Figure 3.

Metformin-regulated noise in the aging epigenetic landscape. Beyond the deterministic model depicted in Figure 2, one should acknowledge that transition states and cell fate decision at branching points of Waddington’s landscape can take place in a discontinuous stochastic manner in which aging noise modulate the probability of transition events.

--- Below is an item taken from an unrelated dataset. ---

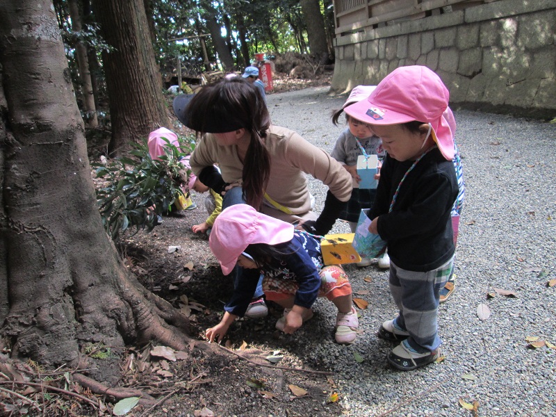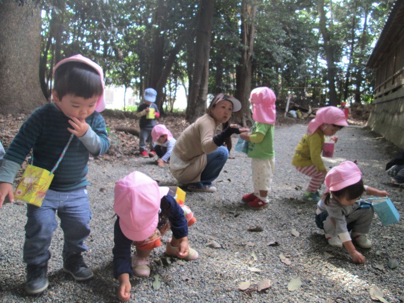 神社には自然もいっぱいです。自分たちで作ったカバンにひとつ・・ふたつ・・・小さな実やどんぐりを大事に入れます。たくさんいれると嬉しくて・・・何度もかばんの中を覗きます。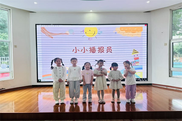 大班:我是小小播报员——自信秀风采 大班组以“我是小小播报员”为主题,培养幼儿的语言组织与展示能力。老师先穿主持服、持话筒示范流程,强调“看着大家眼睛”“声音洪亮”等礼仪;幼儿分组领取“主持串词卡”练习,针对站姿、语气问题,老师用“想象自己是小老师”“说‘大家好’时声音上扬”等方式指导;模拟环节中,幼儿轮流主持。

Crucially, the changing deepness and tallness of the valleys and hills can be governed, at least in part, by changes in the three-dimensional (3D) topology of the (epi)genome including lamina-associated domains (LADs) at the nuclear periphery and promoter–enhancer contacts regulating gene expression within topologically-associated domains (TADs) in the nucleus; such structures, which are continually responding to intra- and extracellular cues during development, differentiation, and tissue homeostasis, affects the contour of the epigenetic landscape itself to modulate the effects of noise [16,17,18,19]. Although unproven, the ability of metformin to regulate the 3D shaping of chromatin topology via maintenance of TADs and LADs would favor a physiological/reparative resolution in response to decreased signal-to-noise ratios in cells/tissues undergoing a smoothing of the epigenetic landscape. Perhaps more importantly, the targeting of the cross-talk between (epi)genomic organizers with metformin might provide key mechanistic insights into 4-dimensional (4D) regulatory changes in (epi)genome architecture, where the 4th dimension is aging time.